From his first day representing Bolar, Floyd said, he believed it was in his client’s best interest to take a plea deal involving as little prison time as possible. But that was a nonstarter, he added, because Bolar never accepted responsibility for his actions or pursued the possibility of pleading guilty.
Floyd recalled that he and Bolar met with Fred Harper, a senior assistant U.S. attorney, and other federal officials at the FBI’s Lakefront office, a venue Floyd said Harper had selected for privacy. He found the meeting — and the prosecution’s posture — to be so striking that “I can remember the suit I had on that day.”
As an example of the government’s flexibility, he said, Bolar was advised during the meeting to look no further than the case of Ellenese Brooks-Simms, a former Orleans Parish School Board president who received 18 months in prison for accepting bribes. That light sentence reflected her assistance to the authorities in convicting Mose Jefferson, the eldest brother and chief political strategist of former U.S. Rep. William Jefferson.
Harper discussed a number of possible legal avenues that would have been made available to Bolar if he decided to cooperate, Floyd said. Floyd stressed, however, that nothing ever was put into writing and the two sides never drafted a formal plea bargain, as negotiations never reached that phase.
“It was a general meeting about the types of plea arrangements that were available to the government,” Floyd said. “It was very preliminary.”
Bolar, who shook his head several times during Floyd’s testimony, is expected to offer a different version of events when the hearing resumes Friday. Bolar has claimed that Floyd told him he faced between 40 and 44 months behind bars if convicted at trial — a claim Floyd denied.
Fawer pointed to an exchange of emails in which Floyd informed his client that prosecutors weren’t interested in allowing him to plead guilty only to tax charges in the case. Floyd offered at one point in the email to inquire whether “the original deal” — pleading guilty to one felony count of “honest services” fraud and one tax count — was “still available.”

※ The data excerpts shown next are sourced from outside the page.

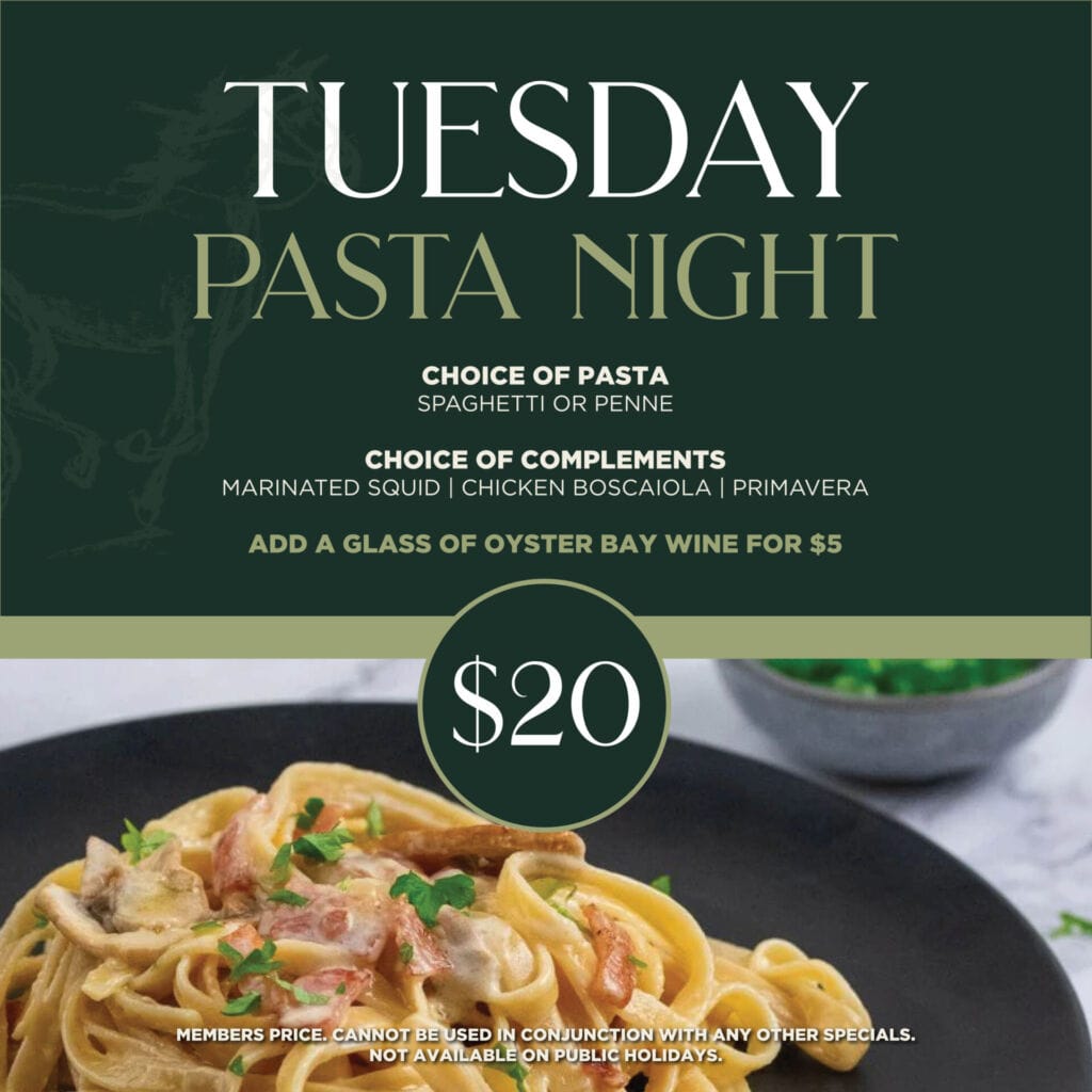 PASTA NIGHT Tuesday, 30th December 2025 05:30pm to 09:00pm Categorised Under: Food Specials TUESDAY PASTA NIGHT $20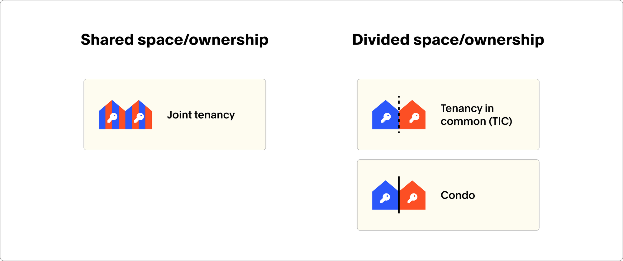 • Share the space and ownership equally - like a married couple (joint tenancy)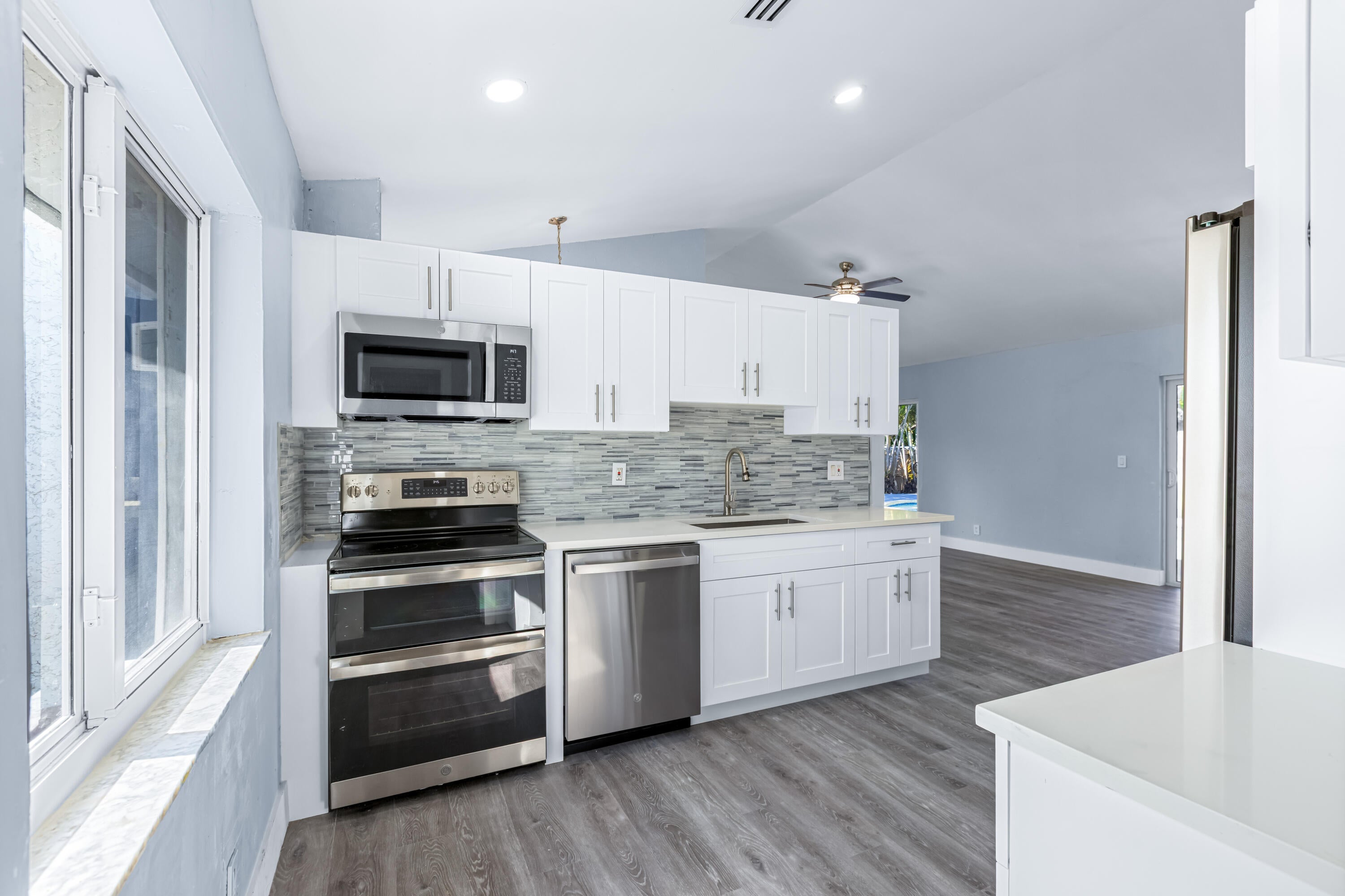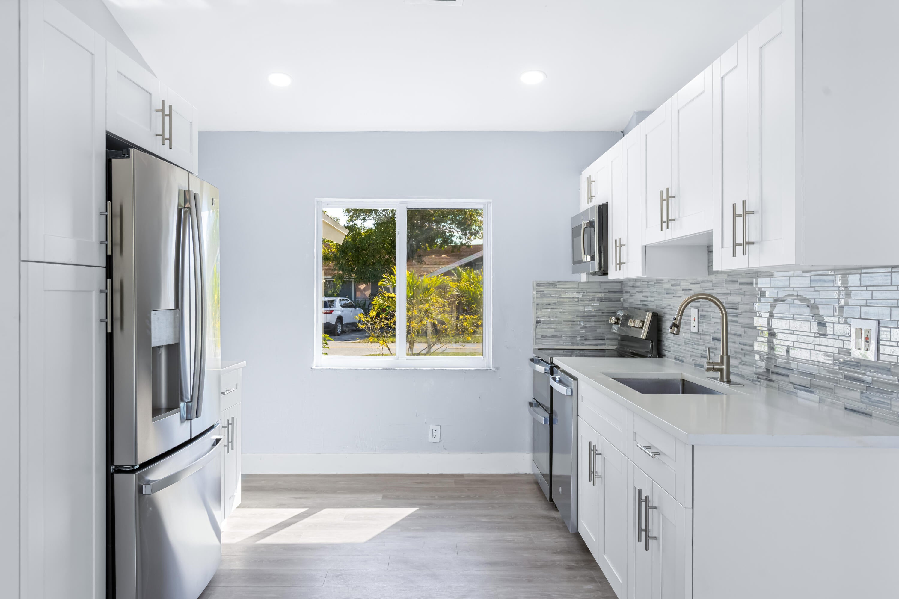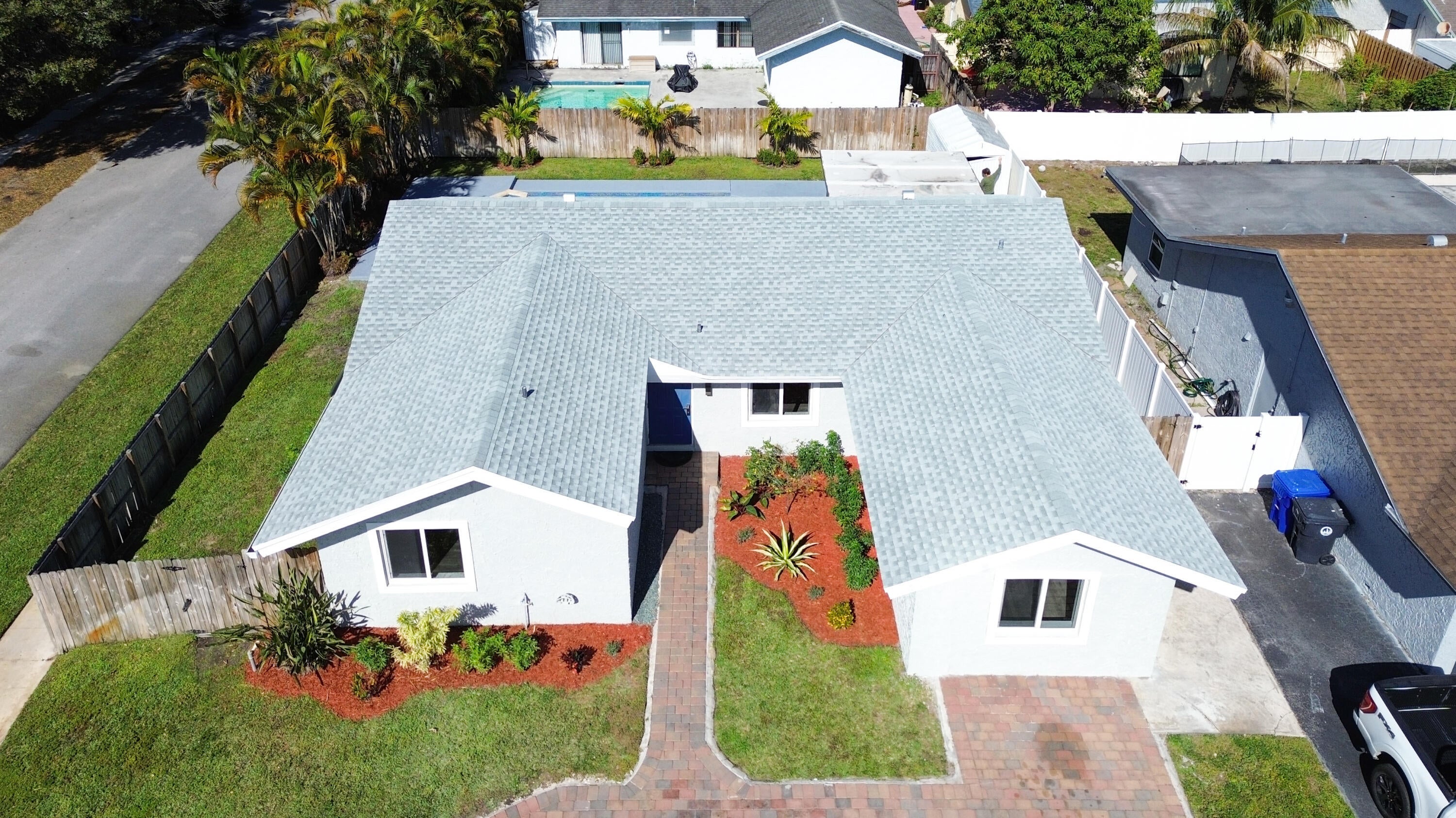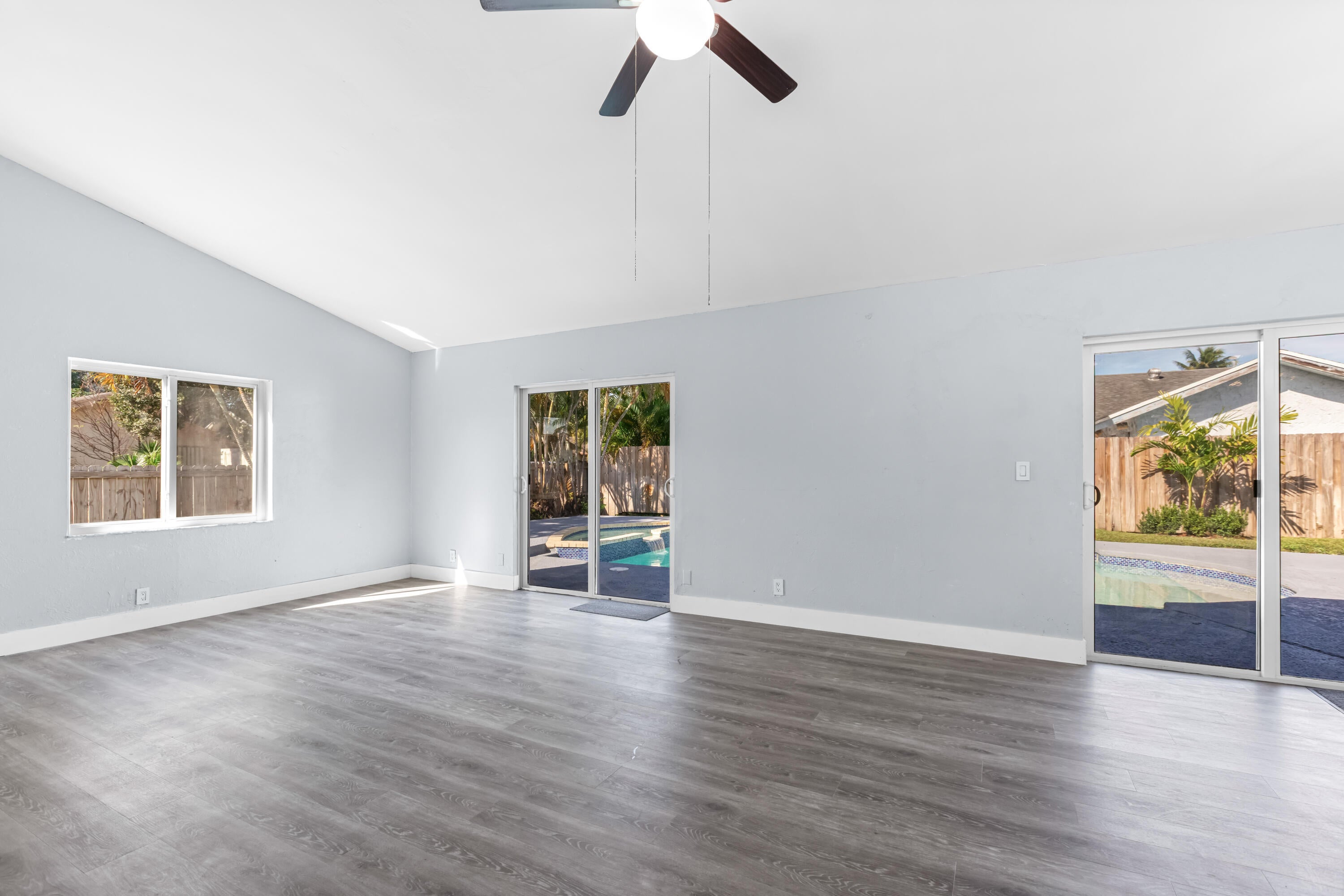 Your dream home is waiting for you in this beautifully upgraded and move-in ready home in an established neighborhood with sidewalks and NO HOA! This open concept 4/2 home offers modern finishes, IMPACT WINDOWS & SLIDING DOORS, NEW ROOF and a large FENCED-IN BACKYARD with a storage shed, pool with a waterfall and hot tub, perfect for entertaining! NEW BATHROOMS & KITCHEN newly updated. This spacious home is equipped with a washer and dryer, updated electric for TANKLESS WATER HEATER and HOT TUB! AC is less than 3 years old. Sprinkler water comes from a well! This corner lot with beautiful landscaping and a circular paver driveway has plenty of room for parking. Located within 30 minutes of the beach and major league sports and lots of restaurants and shopping! Come and see for yourself!!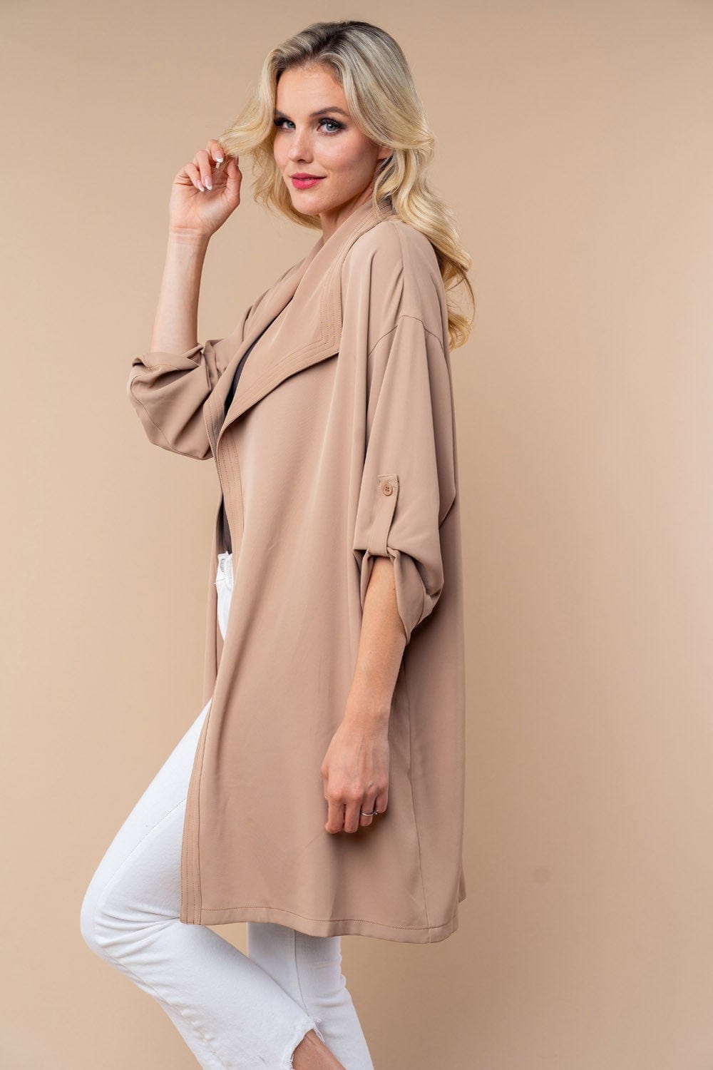 When you want that effortless “I just threw this on but somehow look wildly put-together” vibe, this piece delivers. It has that cool trench-coat energy without the stiffness or bulk, and the drapey fabric gives it a luxe, expensive feel without trying too hard. One of those magical layers that instantly elevates leggings, jeans, or a simple dress… aka the kind of outfit cheat code we love.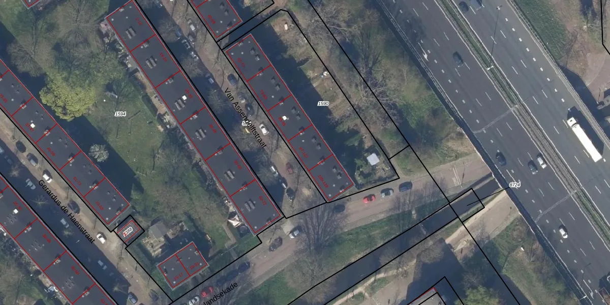 Het perceel waarop Van Assendelftstraat 97 staat heeft een oppervlakte van 1600 m². Dit is een zeer groot perceel. De perceeloppervlakte wordt geregistreerd door het Kadaster. Gedetailleerde informatie over de maten van dit perceel kunt u vinden in het rapport Kadastrale kaart met maatvoering van Van Assendelftstraat 97.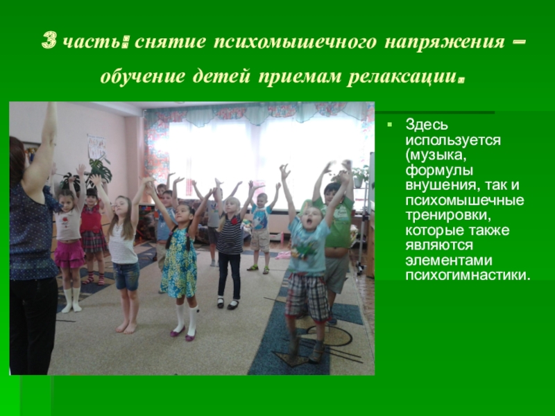 Слайд 233 часть: снятие психомышечного напряжения – обучение детей приемам релаксации.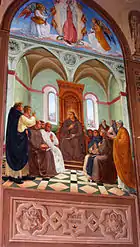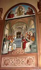- la bendición del legado papal a Juan de Austria en una escena de la batalla de Lepanto, cuyo resultado fue adjudicado por el cristianismo a la intercesión de María, auxilio de los cristianos (auxilium christianorum).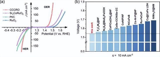 电化学测试显示,CCCRO在碱性电解液氧析出反应电流密度达到10mA cm-2时所需过电位仅为198 mV,优于商业RuO2;在析氢反应中达到10 mA cm-2电流密度所需过电位为46 mV,与商业Pt/C接近;在工业级电流密度100 mA cm-2下,CCCRO可连续运行超过500小时不衰减,具有很好的稳定性。原位X射线吸收谱与第一性原理计算结果显示,在析氧条件下,Cu、Co与Ru之间的三金属电子协同作用,可优化局域电子态,保持稳定的钙钛矿骨架;在析氢条件下,材料发生反应驱动的表面重构,自发形成Cu–Co–Ru合金纳米活性相,可增强电子和表面活性位点的耦合。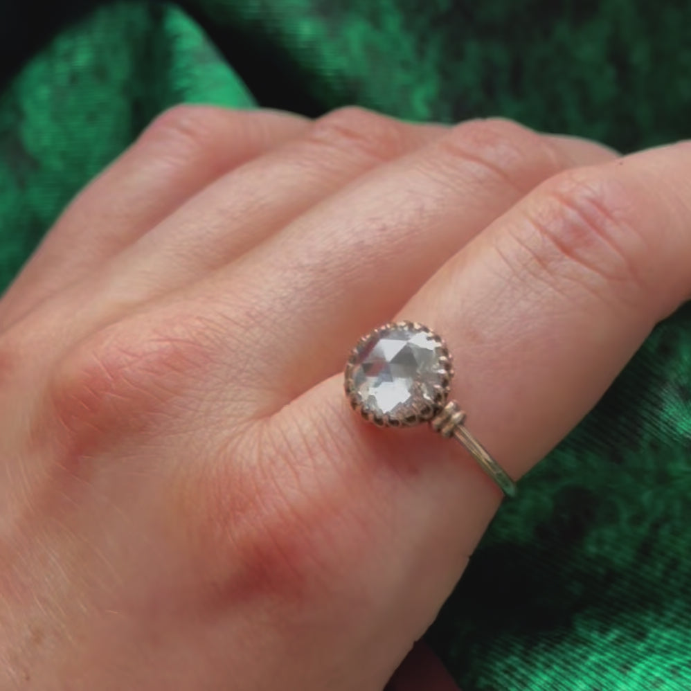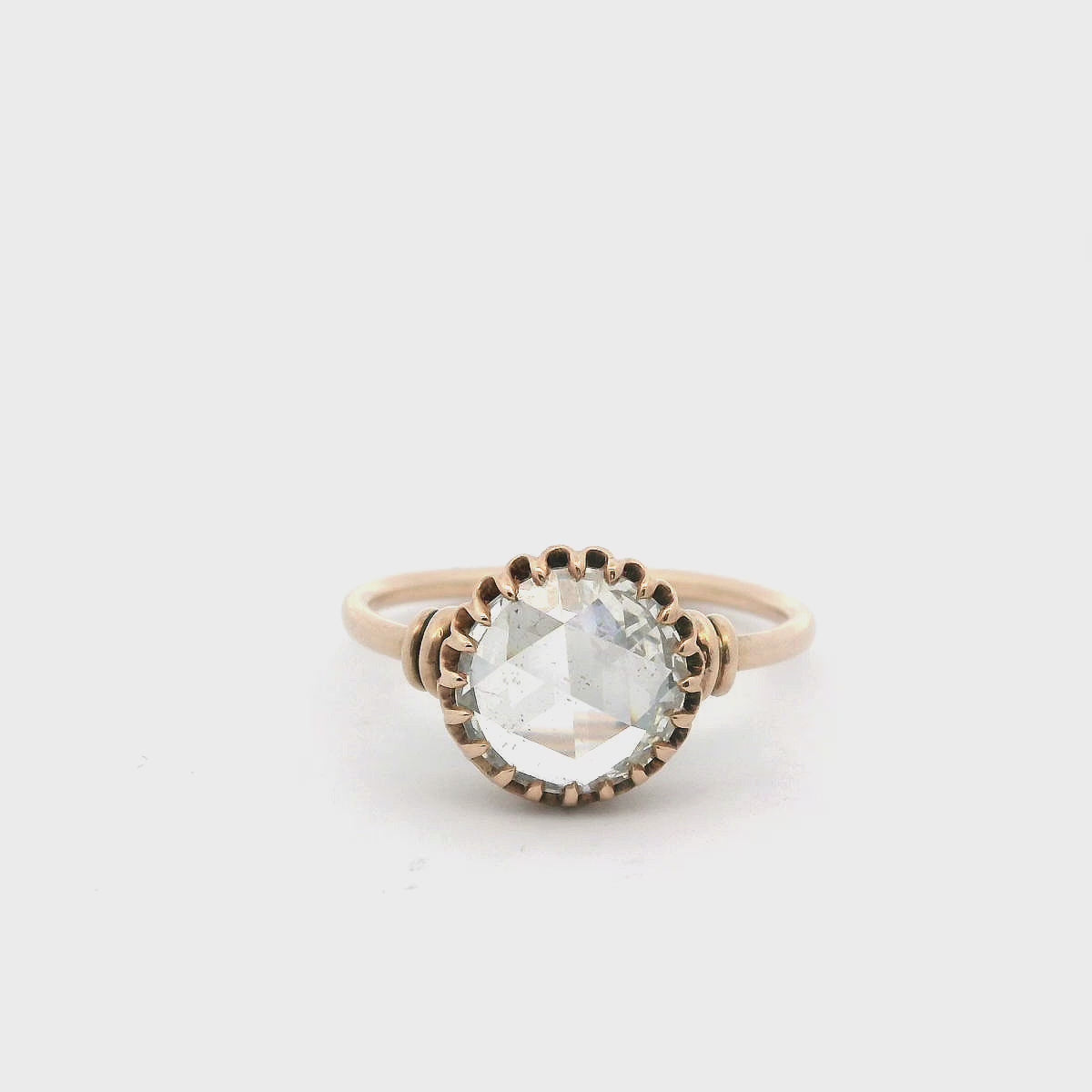 2.14ct SI1 J Good | SZ 8.25Antique rose-cut diamonds of this size and scale are becoming harder to find, making this ring a significant future heirloom. Many small prongs clutch the natural 2.14 carat stone, so that it sits perched in a crown, with only the simplest details at the shoulders for embellishment. Made in rare 12K rosy gold, the design of the ring allows for the elegant and impressive stone to sparkle endlessly across the finger.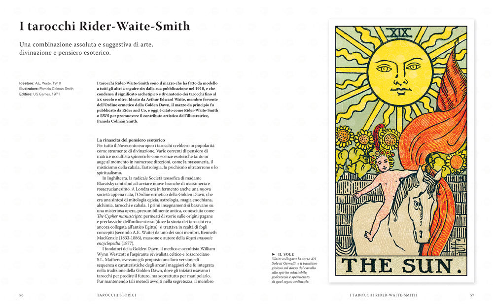 I tarocchi sono un tesoro ricco di simboli, prezioso per la divinazione e la conoscenza di sé. Ma chi li ha creati, e perché? Le loro origini risalgono all’antica sapienza esoterica o si tratta solo di un passatempo per appassionati dell’occulto? Come sono cambiati, nel corso del tempo, il significato e l’interpretazione di queste carte? Questo libro presenta 56 mazzi di carte unici e ricchi di significati: dai Visconti-Sforza, creati nel Rinascimento per celebrare due dinastie storiche, ai Sola Busca, con il loro codice alchemico; dai celebri Rider-Waite-Smith ai mazzi più moderni e innovativi. Un libro perfetto per collezionisti, appassionati di cartomanzia, amanti dell’arte, designer e chiunque voglia avvicinarsi al mondo magico e misterioso dei tarocchi.

While Bolar contends that email is proof that a formal offer had been made, Floyd said he wasn’t referring to any specific offers made by the government but rather to their “initial discussions.”
Harper, for his part, has scoffed at the suggestion that Bolar would have been let off easily, dismissing the alleged plea offer as “highly improbable.”
“I did not and would never have offered Bolar a plea deal involving 12-18 months incarceration, nor would I have recommended acceptance of such an offer, which would have been an unacceptable, unrealistic proposition in view of the significant evidence against Bolar on the extortion and other charges,” Harper wrote in a recent court filing. “Indeed, such an offer would have strayed so far from promoting the interests of justice as to have been preposterous.”